Alvorens dan ook van de welverdiende rust in de kalmerende serre te kunnen genieten ga ik, gewapend met stofzuigerslang, de insecticiden te lijf. De zuigkracht van het gele monster met blije ogen is imponerend. Geen enkel dier lijkt veilig voor dit multifunctionele apparaat. Zelfs de python zou zijn beste beentje voor moeten zetten. Zou hij deze hebben. Ik zuig het plafond weer smetteloos wit en de gordijnen insectenvrij. Het is vervolgens goed toeven in de serre. Na een succesvolle jacht.

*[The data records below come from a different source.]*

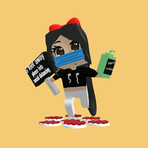 corona safe girl use lots of hand sanitizer and stay 6 feet away from people and wear mask .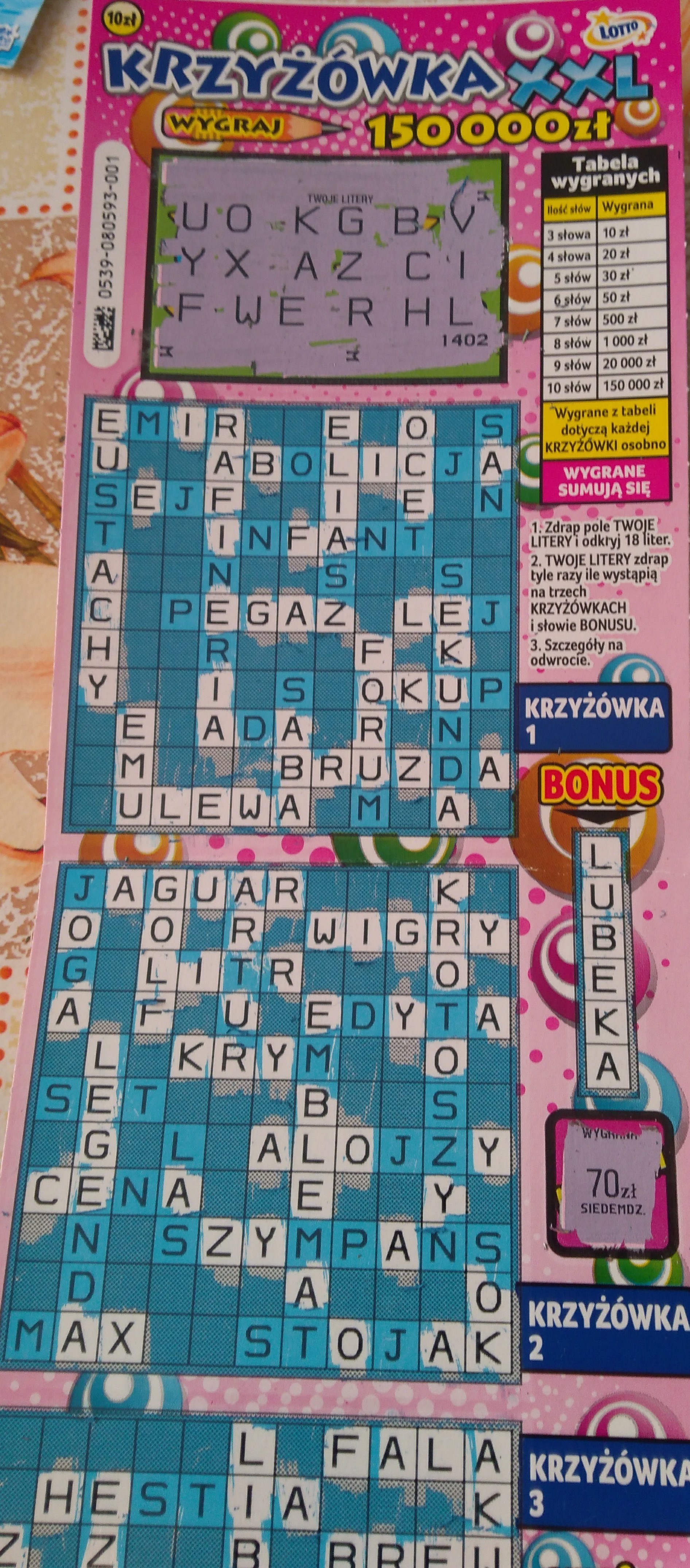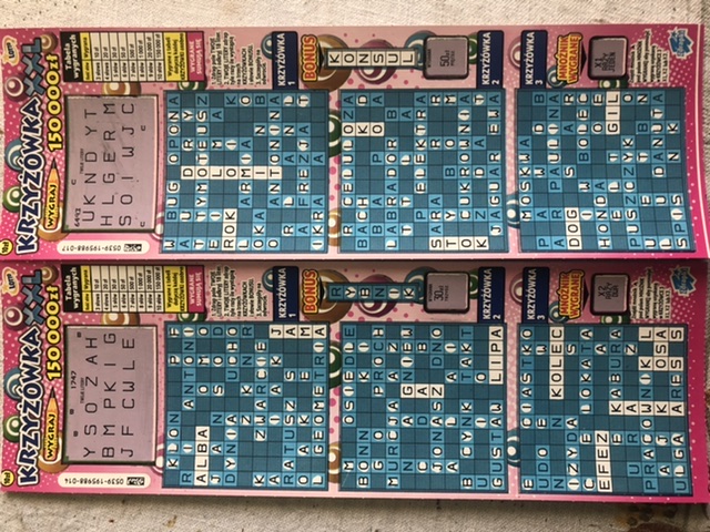 Pierwszy raz w zyciu drapałem całą paczkę i skusiłem się na moją ulubioną krzyżówkę za 10 zł. Wygrane w paczce prezentowały się następująco: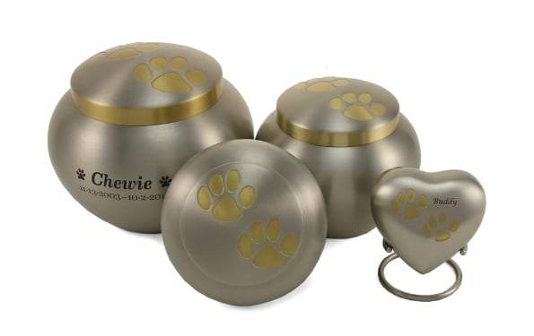 White heart-shaped solid brass pet urn with paw prints—keepsake urn for dog ashes or cat urns for ashes, premium pet memorial gift and small urn for ashes from Urns.com.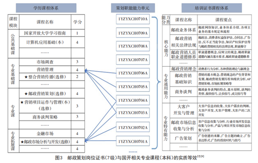 可以看到,国开的学历课程与邮政的证书课程名称并不完全一致,但由于双方有共同的能力单元,因此,可以厘定证书课程与学历课程的实质等效部分。如图3所示,邮政营销人员岗位资格培训证书(中级)的一系列课程能够实现所有策划职能的能力单元要求,相应地,国开也有几门课,例如营销管理和邮政市场分析与开发,也基于能力单元构建。说明基于相同的能力单元,邮政营销人员岗位资格培训证书(中级)的学习结果与国开的几门学历课程等效。这为后续证书课程与学历课程进行成果转换提供了实质等效的依据和可能性。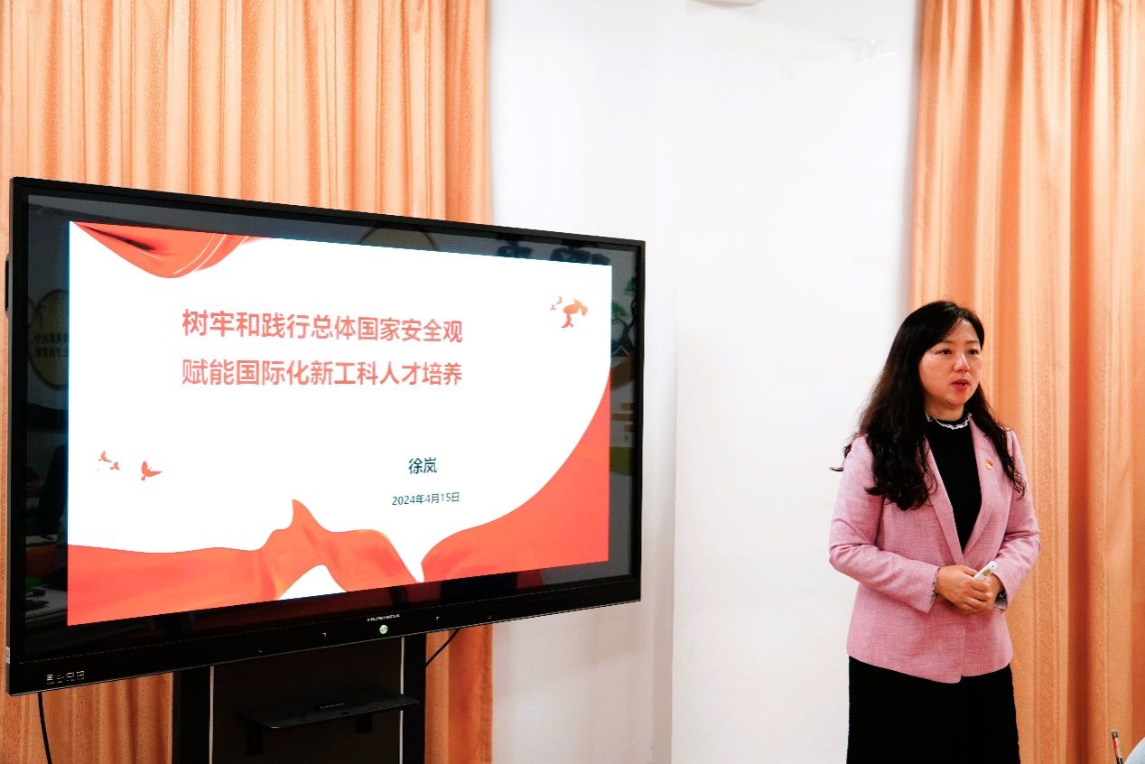 4月15日,公司直属党支部书记、常务副经理、关工委主任徐岚在员工一站式社区A9/A10-205为公司师生上专题党课—“树牢和践行总体国家安全观 赋能国际化新工科人才培养”。徐岚从“正确理解和把握总体国家安全观”、“中外合作办学立德树人面临的安全挑战”、“总体国家安全观指导下的中外合作办学育人体系构建”三个方面阐释了习近平总书记创造性提出的总体国家安全观系统思想是维护国家安全的行动纲领和科学指南;中外合作办学机构准确把握和践行总体国家安全观,既是坚持社会主义办学方向的现实需要,也是落实立德树人根本任务的客观遵循;坚持总体国家安全观是提升公司国际化新工科人才培养质量的重要保证。
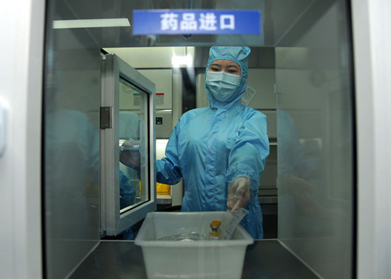 9日上午9点30分,第一袋贴上“出生证”的化疗成品输液药物被送往头颈肿瘤病区孙先生的病床边。这袋小小的药品,来自中法新城院区刚刚成立的静脉用药调配中心,经过了“药师审方关”,“百级层流生物安全配药关”和“全流程监测关”三关,顺利输入孙先生体内。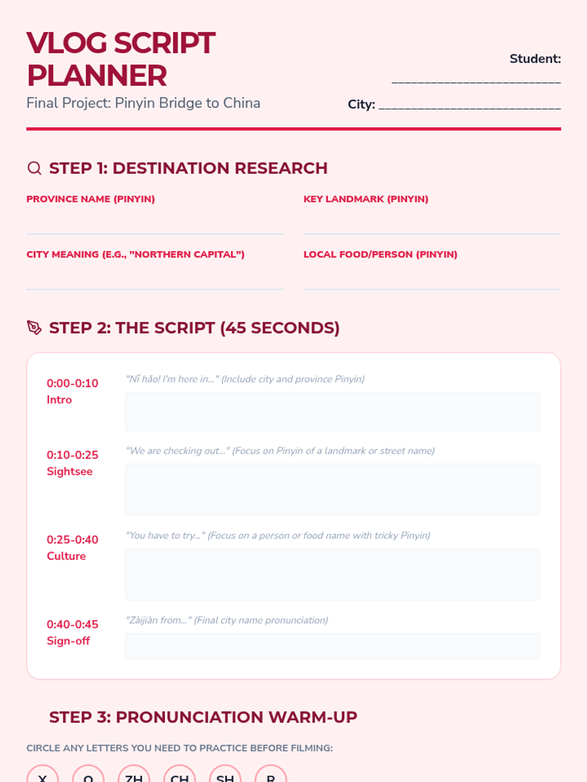 A 10th-grade Mandarin Chinese sequence focusing on the practical application of Pinyin in real-world contexts, including geography, personal names, branding, and navigation.
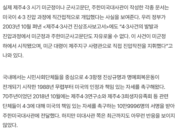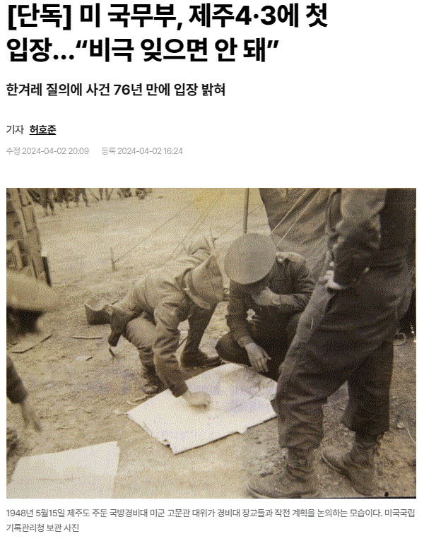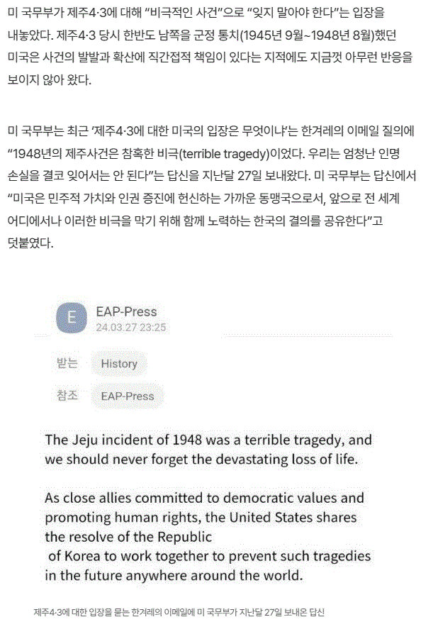 미국무부 제주 4.3에 첫 입장...비극 잊으면 안돼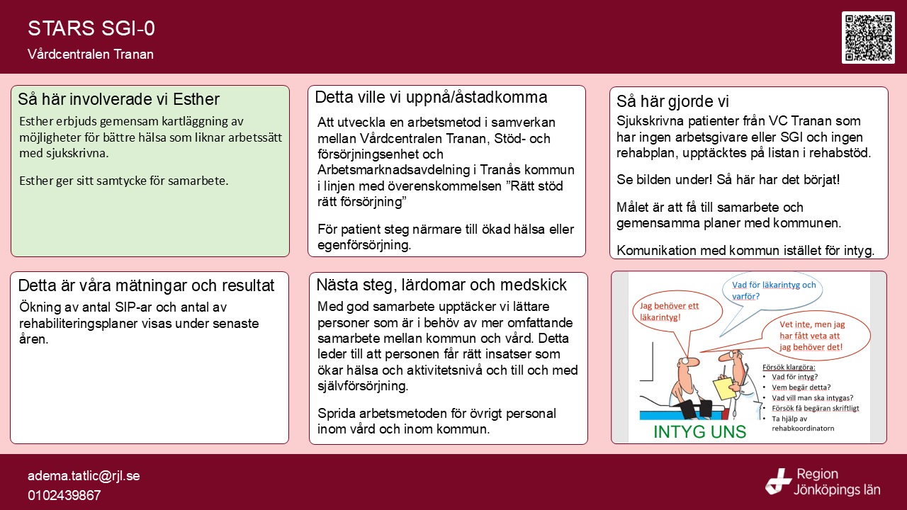 - Vilket förbättringsarbete kan på ett enkelt sätt användas och skapa nytta för andra verksamheter i regionen.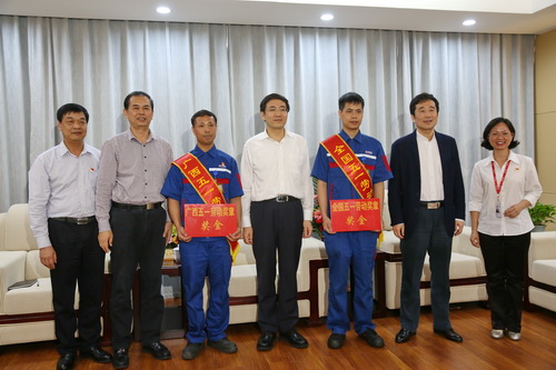 黄海昆为张锦成和李国华分别颁发全国五一劳动奖章奖金、广西五一劳动奖章奖金,希望他们把参加全国、自治区相关会议的精神及时传达,通过典型示范和榜样的力量,带动和影响更多的人通过劳动创造价值、创造幸福、创造财富。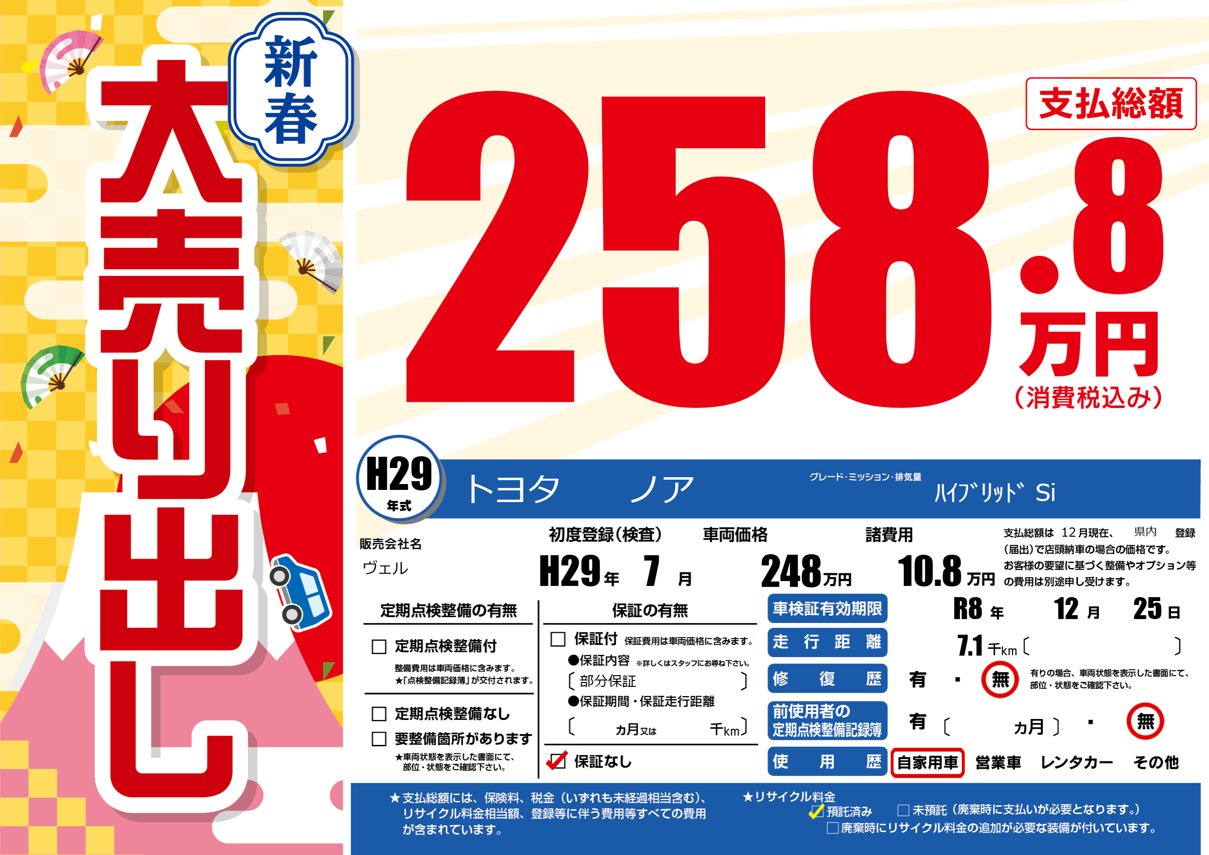 | 車名 | トヨタ ノア | グレード ミッション 排気量 |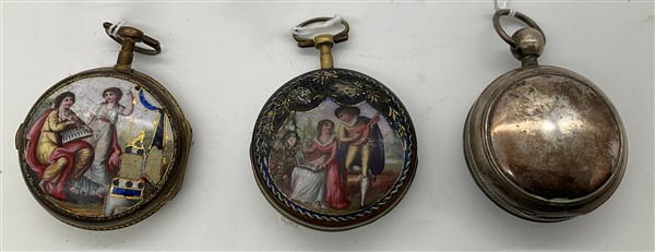 Lotto di tre orologi da tasca con cassa in metallo diverso, due con fronte decorato a smalti policromi, secolo XVIII-XIX (difetti e rotture)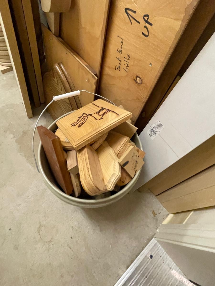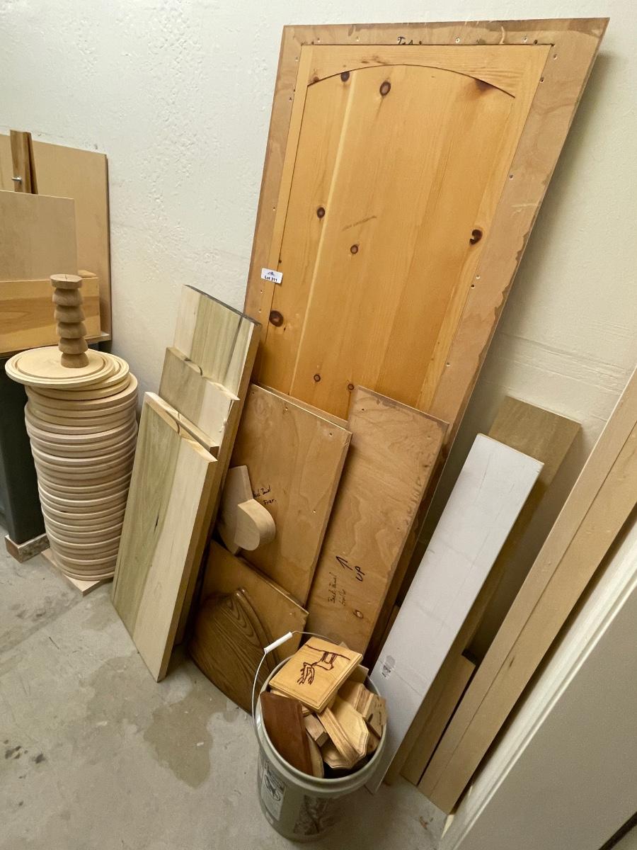 Lots of nice wood in this lot including all long pieces, bucket full, stack of round routed pieces - see all photos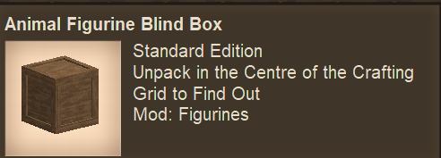 Figurines are now sold in Blind Boxes They can be unpacked in the centre of the crafting grid Animal Standard Edition and Fine Edition - Sold at the Artisan Trader, Mob Standard Edition and Fine Edition - Sold at the Treasure Hunter Mob and Animal Special Edition in Loot Pool | |||||||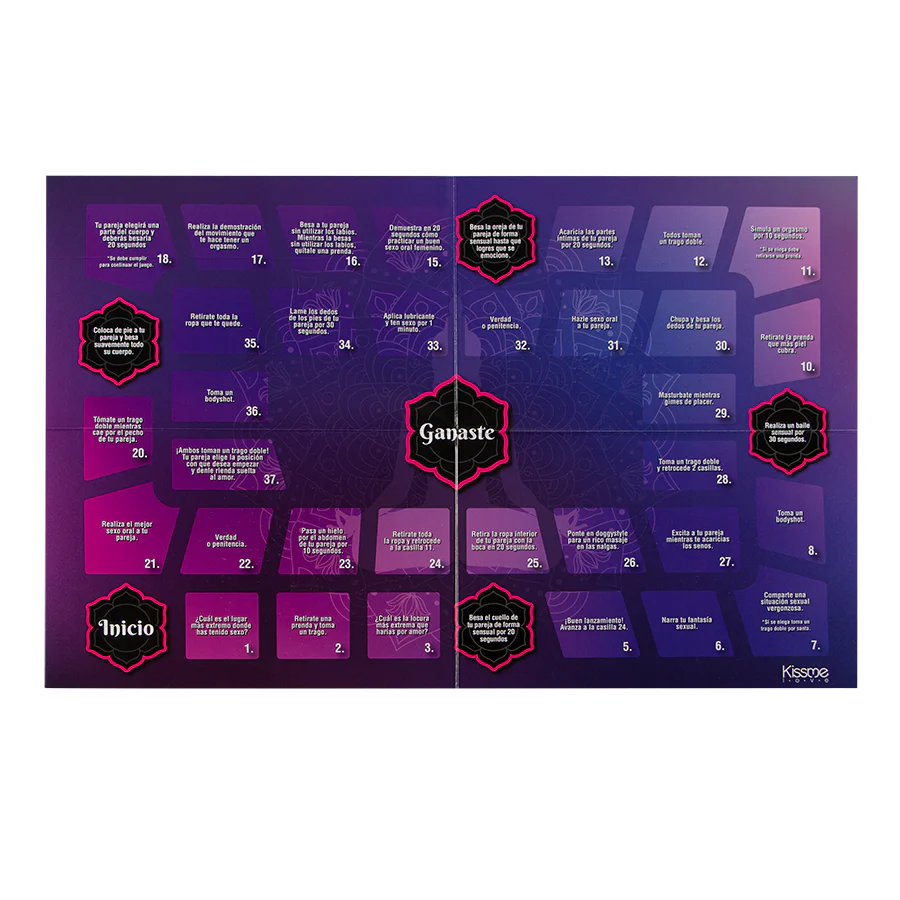 Disfruta de este juego erótico para jugar en pareja o en grupo; comienza con pruebas sencillas, masajes, besos, caricias, a medida que vas avanzando aumenta la temperatura y las acciones se vuelven más candentes.

Ik spaar hierbij overigens mijn geleedpotige kompaan. De spin. Tot ze te dichtbij komen. Dan is ingrijpen gewenst.

zondag 25 september 2011

Huwelijksboot

Ondanks dat ik haar bestuurderscapaciteiten vooraf nogal flauw in twijfel had getrokken, manoeuvreerde zij de gigantische touringcar met souplesse door de smalle Weesper straten. Armen als bielzen. Klein postuur maar stevig van stuk. Dit was pas een touringcarwijf in optima forma. De bocht niet gehaald? Even achteruit insteken. Die vrouw beheerste het gevaarte zoals Anky van Grunsven ooit Bonfire. Het laatste stukje weg naar onze eindbestemming diende te voet te worden afgelegd. Onbereikbaar voor de touringcar. Ze was er ziek van. Dat stoere wijf. Haar missie was niet volledig geslaagd. Een ware prof.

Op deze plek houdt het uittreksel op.